In my bash script I need to extract just the path from the given URL. For example, from the variable containing string:

http://login:password@example.com/one/more/dir/file.exe?a=sth&b=sth

I want to extract to some other variable only the:

/one/more/dir/file.exe

part. Of course login, password, filename and parameters are optional.

Since I am new to sed and awk I ask you for help. Please, advice me how to do it. Thank you!

回答1:

In bash:

URL='http://login:password@example.com/one/more/dir/file.exe?a=sth&b=sth'
URL_NOPRO=${URL:7}
URL_REL=${URL_NOPRO#*/}
echo "/${URL_REL%%\?*}"

Works only if URL starts with http:// or a protocol with the same length Otherwise, it's probably easier to use regex with sed, grep or cut ...



回答2:

There are built-in functions in bash to handle this, e.g., the string pattern-matching operators:

  1. '#' remove minimal matching prefixes
  2. '##' remove maximal matching prefixes
  3. '%' remove minimal matching suffixes
  4. '%%' remove maximal matching suffixes

For example:

FILE=/home/user/src/prog.c
echo ${FILE#/*/}  # ==> user/src/prog.c
echo ${FILE##/*/} # ==> prog.c
echo ${FILE%/*}   # ==> /home/user/src
echo ${FILE%%/*}  # ==> nil
echo ${FILE%.c}   # ==> /home/user/src/prog

All this from the excellent book: "A Practical Guide to Linux Commands, Editors, and Shell Programming by Mark G. Sobell (http://www.sobell.com/)



回答3:

This uses bash and cut as another way of doing this. It's ugly, but it works (at least for the example). Sometimes I like to use what I call cut sieves to whittle down the information that I am actually looking for.

Note: Performance wise, this may be a problem.

Given those caveats:

First let's echo the the line:

echo 'http://login:password@example.com/one/more/dir/file.exe?a=sth&b=sth'

Which gives us:

http://login:password@example.com/one/more/dir/file.exe?a=sth&b=sth

Then let's cut the line at the @ as a convenient way to strip out the http://login:password:

echo 'http://login:password@example.com/one/more/dir/file.exe?a=sth&b=sth' | \
cut -d@ -f2

That give us this:

example.com/one/more/dir/file.exe?a=sth&b=sth

To get rid of the hostname, let's do another cut and use the / as the delimiter while asking cut to give us the second field and everything after (essentially, to the end of the line). It looks like this:

echo 'http://login:password@example.com/one/more/dir/file.exe?a=sth&b=sth' | \
cut -d@ -f2 | \
cut -d/ -f2-

Which, in turn, results in:

one/more/dir/file.exe?a=sth&b=sth

And finally, we want to strip off all the parameters from the end. Again, we'll use cut and this time the ? as the delimiter and tell it to give us just the first field. That brings us to the end and looks like this:

echo 'http://login:password@example.com/one/more/dir/file.exe?a=sth&b=sth' | \
cut -d@ -f2 | \
cut -d/ -f2- | \
cut -d? -f1

And the output is:

one/more/dir/file.exe

Just another way to do it and this approach is one way to whittle away that data you don't need in an interactive way to come up with something you do need.
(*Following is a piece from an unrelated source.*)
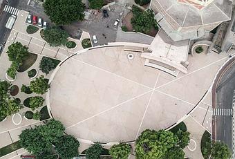 Renovación de la Piazza San Michele, VPS Architetti El diseño de la Piazza San Michele, el principal espacio público de una de las "periferias centrales" de Cagliari, se basó en los principales elementos geométricos y espaciales del lugar: La Vía Abruzzi original, que cruzó la plaza hasta los años 70; el eje de la iglesia; y el espacio ovalado de la plaza determinado por las posiciones de los grandes árboles, en particular los pinos. La calle y los ejes se cruzan en el óvalo para definir los principales caminos de acceso que, a su vez, determinan los sectores arbolados que forman el borde de la plaza.
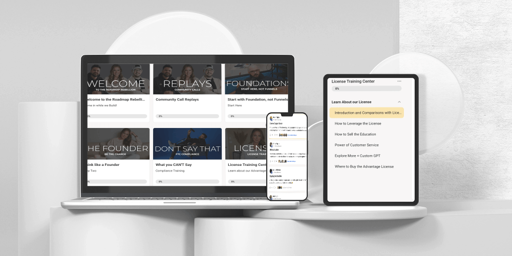 The Roadmap Rebellion, once purchased and completed, does provide the option to buy an Advantage License for a separate one-time fee of $99. This license is required to resell the course.

If I wanted to stuff this into a variable in a script, I'd do something like this:

#!/bin/bash

url="http://login:password@example.com/one/more/dir/file.exe?a=sth&b=sth"
file_path=$(echo ${url} | cut -d@ -f2 | cut -d/ -f2- | cut -d? -f1)
echo ${file_path}

Hope it helps.



回答4:

gawk

echo "http://login:password@example.com/one/more/dir/file.exe?a=sth&b=sth" | awk -F"/" '
{
 $1=$2=$3=""
 gsub(/\?.*/,"",$NF)
 print substr($0,3)
}' OFS="/"

output

# ./test.sh
/one/more/dir/file.exe


回答5:

If you have a gawk:

$ echo 'http://login:password@example.com/one/more/dir/file.exe?a=sth&b=sth' | \
  gawk '$0=gensub(/http:\/\/[^/]+(\/[^?]+)\?.*/,"\\1",1)'

or

$ echo 'http://login:password@example.com/one/more/dir/file.exe?a=sth&b=sth' | \
  gawk -F'(http://[^/]+|?)' '$0=$2'

Gnu awk can use regular expression as field separators(FS).



回答6:

The Perl snippet is intriguing, and since Perl is present in most Linux distros, quite useful, but...It doesn't do the job completely. Specifically, there is a problem in translating the URL/URI format from UTF-8 into path Unicode. Let me give an example of the problem. The original URI may be:

file:///home/username/Music/Jean-Michel%20Jarre/M%C3%A9tamorphoses/01%20-%20Je%20me%20souviens.mp3

The corresponding path would be:

/home/username/Music/Jean-Michel Jarre/Métamorphoses/01 - Je me souviens.mp3

%20 became space, %C3%A9 became 'é'. Is there a Linux command, bash feature, or Perl script that can handle this transformation, or do I have to write a humongous series of sed substring substitutions? What about the reverse transformation, from path to URL/URI?

(Follow-up)

Looking at http://search.cpan.org/~gaas/URI-1.54/URI.pm, I first saw the as_iri method, but that was apparently missing from my Linux (or is not applicable, somehow). Turns out the solution is to replace the "->path" part with "->file". You can then break that further down using basename and dirname, etc. The solution is thus:

path=$( echo "$url" | perl -MURI -le 'chomp($url = <>); print URI->new($url)->file' )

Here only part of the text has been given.